The only way to survive as a Foreign teacher in China is remember to "go with the flow". If one expects prior notice, reasoning or explanations, then that one is going to be a sadly disappointed Joe. To be honest, I was not all that thrilled with living in Yutai anyway. It was kind of a dump.

After I packed my stuff, we were whisked away to the town of Jinxiang. While there is a Blue Sky Tengfeu center in Jinxiang, what was in store for me was visiting a public Middle School, grade 5.

Here's the deal: Why should only the upper middle class kids get to learn English? How about the normal, average kids? The ones who go to government run, public schools? For these kids, it is a much bigger deal: they have never had a foreign teacher visit their school. They have never had one in their class. They had never had one make pig sounds to them. That would soon change.
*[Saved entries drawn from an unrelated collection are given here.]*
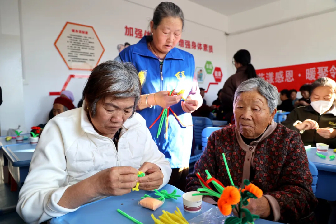 在动手制作环节,社工与志愿者们细心观察,主动走到行动不便或操作不熟练的老人身边,给予一对一协助——有的帮忙固定花型,有的协助搭配色彩,忙的不亦乐乎。志愿者手把手教张奶奶扭制花茎,社工则贴心帮唐阿姨调整花瓣形态……在互帮互助的温馨氛围中,一朵朵独具匠心的纸杯花陆续在老人们手中“绽放”。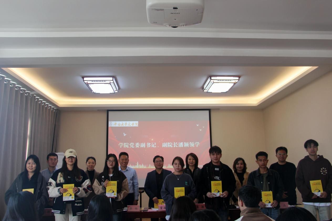 学院领导老师向少数民族同学赠送相关理论书籍,鼓励同学们积极加强理论学习,增强明辨是非的眼界和能力,立志做有理想、敢担当、能吃苦、肯奋斗的新时代好青年。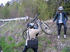 | 上った8人でフラッシュ!(たこうよ) | 下りは快走路、一年生も風を感じました |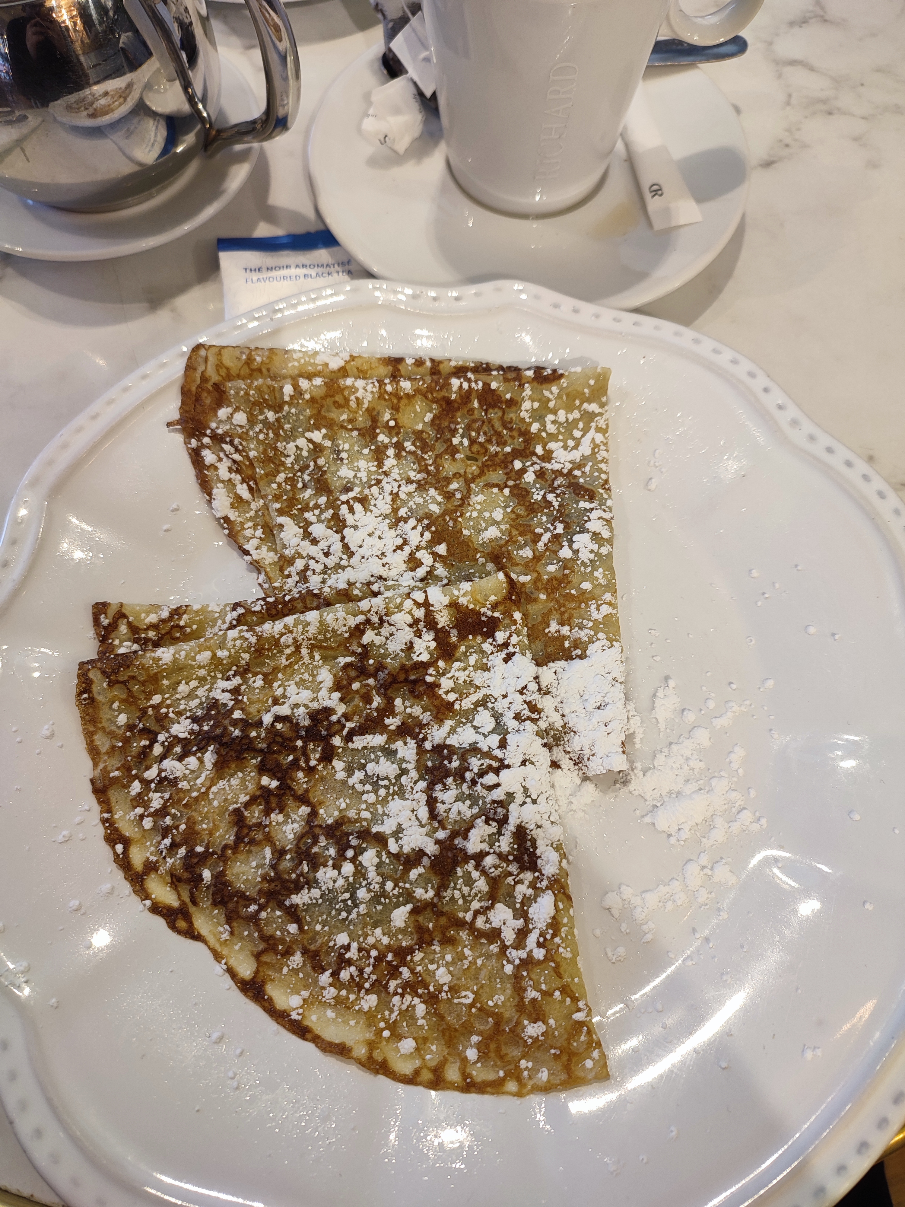 Le cadre est sympathique. J'ai pris un earl grey et une crêpe au Nutella, enfin une crêpe timide en Nutella 😅 mais ça ne m'a pas empêché de l'apprécier. Petit bémol le serveur est venu nous demander si il pouvait encaisser alors qu'on était encore à table.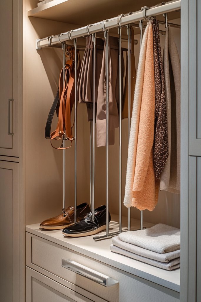 Visualize a closet with a few tension rods installed horizontally at different heights, creating separate sections. Shoes are lined up neatly on one, while scarves and bags hang on another, all easily accessible and organized. The rods are simple, unobtrusive, and adjustable, making the closet look tidier and more functional. It’s a smart way to utilize vertical space without permanent fixtures.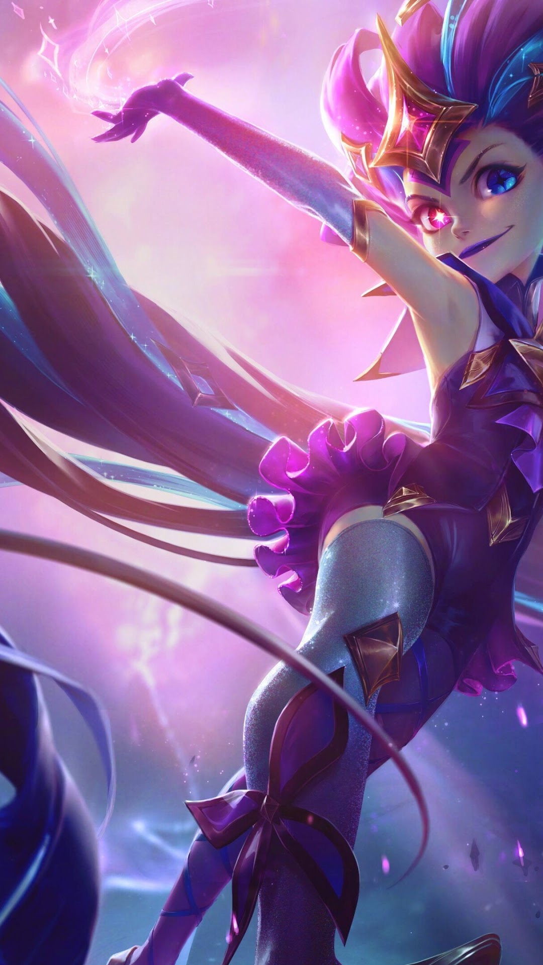 Zoe (League of Legends), Star Guardian, Women, Pink Hair, Blue Hair, Pink Dress 4K Phone Wallpaper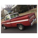 1965 Chevrolet red C-10 truck-305 cu. in. Engine,4 speed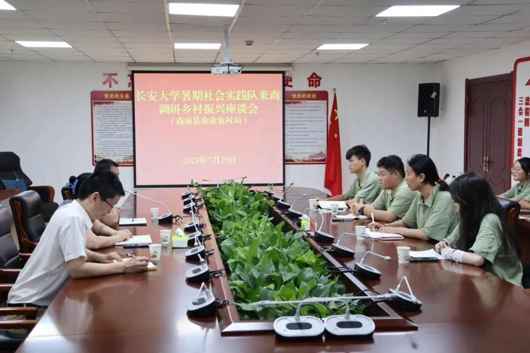 赴陕西商洛“深耕产业扶贫,赋能乡村振兴”暑期社会实践队前往商南县农业农村局开展交流座谈会,商南县农业农村局办公室主任陈明金,县乡村振兴局党组成员、信息中心主任刘世武,县特产中心副主任李晓丽出席活动,实践队共16名队员参加座谈。

George, a fellow "teacher" from the Jinxiang location (George is a young Londoner fresh out of University) and I would be the designated visiting celebrities. George and I get along and have the same sense of humor. While we traveled through town towards the school, I spotted some sort of official government building, one whose only signage was an enormous red and gold hammer and sickle. "What party do you think they belong to?," I asked George "Tories?" He shook his head "Labour, most definitely" he deadpanned.

George and I each had two classes to teach; I had 5th graders and George had the 6th graders. These kids had learned some English already but their pronunciation just wasn't quite there. Our jobs, I was told, was to make learning English appealing and fun. We were given bottled water and sequestered in a sort of a "green room" before "going on stage". Soon, it was showtime! The school Principal and Vice Principals were going to be watching from the back of the room. The "performance" was videotaped.

We have a teaching template to work off of, and once I had done the first step ("Warm up"), I had the audience in my hands. Jasmine and I worked as a team and she cued me whenever I forgot the next step. I did fine. Lots of slapstick. We timed the lesson just fine, there were no flubs and the audience roared with laughter. They also learned the words that we taught them. The next class went even better.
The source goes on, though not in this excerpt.